Show us a black cape, a brooding castle and a dust-covered coffin, and we all know what it means—Count Dracula can’t be far away. The Transylvanian vampire has altered the cultural landscape since Irish author Bram Stoker penned the novel Dracula in 1897.

But Dracula has also altered the financial landscape, as Paul Bibeau (Col ’92) explains in his humorous new book Sundays with Vlad: From Pennsylvania to Transylvania, One Man’s Quest to Live in the World of the Undead.

When Bibeau searched the U.S. Patent and Trademark databases, for instance, he unearthed 85 trademarks and 73 patents tied to Dracula. He also found that, for less than $300, you can have a custom set of fangs made in the back of a New York Halloween shop. These arcane facts, and many more, enliven the book’s 292 pages.

Sundays with Vlad was an outgrowth of an assignment for Maxim magazine to learn why a proposed Dracula theme park in Romania never got off the ground (a trip that he says “ruined his honeymoon”). But Bibeau’s fascination with the subject matter began decades earlier.

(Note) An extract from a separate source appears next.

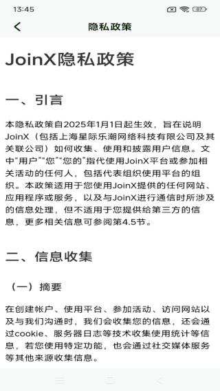 JoinX软件是一款充满趣味的手机聊天互动平台,能够轻松满足各类用户在线社交互动的需求。作为一款功能全面且高效的社交互动工具,它支持24小时全天候顺畅沟通,还打造了多种趣味社交玩法,是优质高效的手机脱单互动平台,拥有丰富的互动模式,堪称一站式线上社交解决方案。
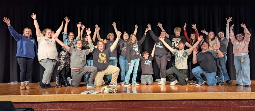 Our drama club is doing the play Freaky Friday on April 17th and 18th . Multiple hours spent on remembering lines, choreography, and multiple hours spent at the school shows the hard work and dedication as the club prepares for show time. The actors and actresses started rehearsal after school until 6:15. Our two lead actresses senior Aubree Varga and junior Laine Streem play mother and daughter.

“I became the odd little kid who’s in love with monsters,” he writes. “I loaded up on books about vampires and werewolves at the school library. In the morning, I’d take the books back and promise myself I’d never read them again, and [then I’d] check them out again the very next week.”

As an author, he wanted to explore and explain our fascination with the undead. He also delved into the real-life Dracula, a 15th-century European prince named Vlad Dracula—also known as Vlad the Impaler. Vlad, who lived in what is now Romania, got his nickname from the alleged pleasure he took in dispatching his enemies through the particularly painful method of impalement.

But as Bibeau was to learn, truth in such matters is often elusive. “Getting to the bottom of the real Vlad is like peeling an onion,” he says. “There’s one truth under another. When you read about Vlad, you’re reading stories written by his worst enemies. Even the stuff we think is true might not be true.” There’s no strong evidence, for instance, that Vlad drank blood, says Bibeau.

“The problem with history is that it’s written by people who might not be right. Add to this a layer of propaganda and a layer of Hollywood, and it’s really difficult to figure out what the truth is,” he adds. “But the legend has taken on a life of its own and created a pop culture.”